## How to complete this task
Repeat the data exactly as given below, dropping every picture.

## Data shown
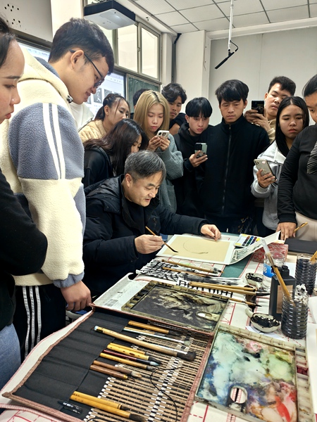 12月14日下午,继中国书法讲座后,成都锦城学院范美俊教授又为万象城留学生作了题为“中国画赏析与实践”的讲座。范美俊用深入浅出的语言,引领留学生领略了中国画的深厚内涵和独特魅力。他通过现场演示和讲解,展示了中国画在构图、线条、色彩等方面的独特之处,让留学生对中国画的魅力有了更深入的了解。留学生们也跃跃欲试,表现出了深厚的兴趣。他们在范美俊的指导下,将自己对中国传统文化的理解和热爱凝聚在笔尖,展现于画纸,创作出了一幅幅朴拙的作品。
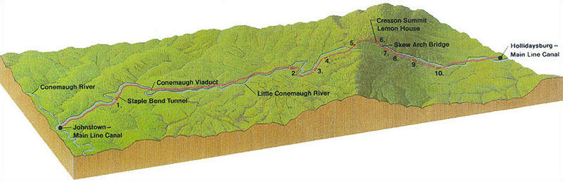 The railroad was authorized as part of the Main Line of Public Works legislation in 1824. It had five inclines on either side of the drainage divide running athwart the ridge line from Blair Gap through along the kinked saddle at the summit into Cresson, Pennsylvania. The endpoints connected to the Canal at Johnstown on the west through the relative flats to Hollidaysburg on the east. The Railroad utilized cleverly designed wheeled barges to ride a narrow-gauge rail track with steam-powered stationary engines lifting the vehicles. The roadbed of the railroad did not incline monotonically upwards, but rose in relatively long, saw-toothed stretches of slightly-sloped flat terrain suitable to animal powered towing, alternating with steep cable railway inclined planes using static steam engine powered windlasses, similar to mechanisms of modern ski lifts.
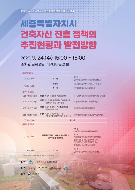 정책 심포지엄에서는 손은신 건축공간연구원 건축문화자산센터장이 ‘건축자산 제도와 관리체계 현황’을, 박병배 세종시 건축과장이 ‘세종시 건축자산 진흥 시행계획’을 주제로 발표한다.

## Exercise output
 12月14日下午,继中国书法讲座后,成都锦城学院范美俊教授又为万象城留学生作了题为“中国画赏析与实践”的讲座。范美俊用深入浅出的语言,引领留学生领略了中国画的深厚内涵和独特魅力。他通过现场演示和讲解,展示了中国画在构图、线条、色彩等方面的独特之处,让留学生对中国画的魅力有了更深入的了解。留学生们也跃跃欲试,表现出了深厚的兴趣。他们在范美俊的指导下,将自己对中国传统文化的理解和热爱凝聚在笔尖,展现于画纸,创作出了一幅幅朴拙的作品。
 The railroad was authorized as part of the Main Line of Public Works legislation in 1824. It had five inclines on either side of the drainage divide running athwart the ridge line from Blair Gap through along the kinked saddle at the summit into Cresson, Pennsylvania. The endpoints connected to the Canal at Johnstown on the west through the relative flats to Hollidaysburg on the east. The Railroad utilized cleverly designed wheeled barges to ride a narrow-gauge rail track with steam-powered stationary engines lifting the vehicles. The roadbed of the railroad did not incline monotonically upwards, but rose in relatively long, saw-toothed stretches of slightly-sloped flat terrain suitable to animal powered towing, alternating with steep cable railway inclined planes using static steam engine powered windlasses, similar to mechanisms of modern ski lifts.
 정책 심포지엄에서는 손은신 건축공간연구원 건축문화자산센터장이 ‘건축자산 제도와 관리체계 현황’을, 박병배 세종시 건축과장이 ‘세종시 건축자산 진흥 시행계획’을 주제로 발표한다.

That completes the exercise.